Einige der Befehlszeilen-Dienstprogramme haben leicht unterschiedliche Befehlszeilen-Optionen, aber im Wesentlichen steht auf beiden Plattformen das gleiche Arsenal an Werkzeugen zur Verfügung. Tatsächlich hat IBMs AIX eine AIX Toolbox für Linux-Anwendungen. Diese ermöglicht es dem Systemadministrator, Hunderte von GNU-Paketen (wie Bash, GCC usw.) zu installieren.

Die verschiedenen Unix-Varianten verfügen über unterschiedliche grafische Benutzeroberflächen (GUI), ebenso wie Linux. Ein Linux-Benutzer, der mit GNOME oder Mate vertraut ist, muss sich bei der ersten Begegnung mit KDE oder Xfce zwar erst zurechtfinden, wird sich aber bald daran gewöhnen. Ähnliches gilt für die unter Unix verfügbaren GUIs, wie Motif, die Common Desktop Environment und das X Window System. Sie sind alle ähnlich genug, um von jedem bedient werden zu können, der mit den Konzepten einer Fensterumgebung mit Dialogen, Menüs und Symbolen vertraut ist.

Bei der Administration der Systeme werden die Unterschiede deutlicher. Zum Beispiel gibt es unterschiedliche Init-Mechanismen. Derivate von Unix System V und die BSD-Streams haben unterschiedliche Init-Systeme. Die freien BSD-Varianten behielten die BSD-Init-Schemata bei.
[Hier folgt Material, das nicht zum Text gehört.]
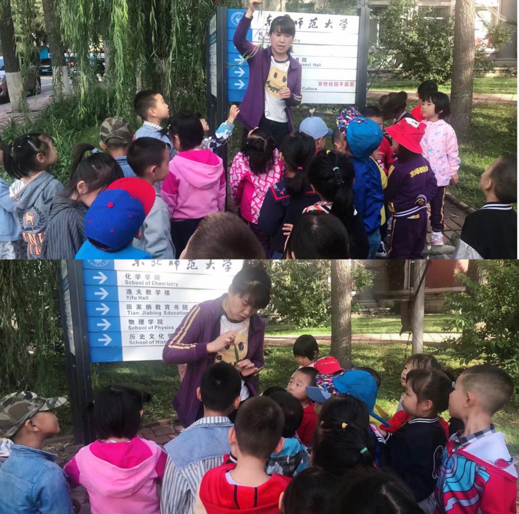 也像神秘的小精灵”孩子们一边唱着歌,一边在东北师大校园里寻找着我们的好朋友叶子先生。

Standardmäßig verwenden Linux-Distributionen entweder ein von Unix System V abgeleitetes Init-System oder systemd.

Schaltgetriebe vs. Automatik

Wenn man das eine Auto fahren kann, kann man auch das andere fahren – auch wenn es am Anfang vielleicht etwas holprig ist.

Abgesehen vom Preis sind die Unterschiede in Philosophie, Lizenzierung, Entwicklungsmodell, Community-Organisation sowie Art und Stil der Governance größer und bedeutender als die Unterschiede in den Befehlszeilenparametern, beispielsweise zwischen einer Version von grep und einer anderen.

Die größten Unterschiede sind nicht die, die man auf dem Bildschirm sieht.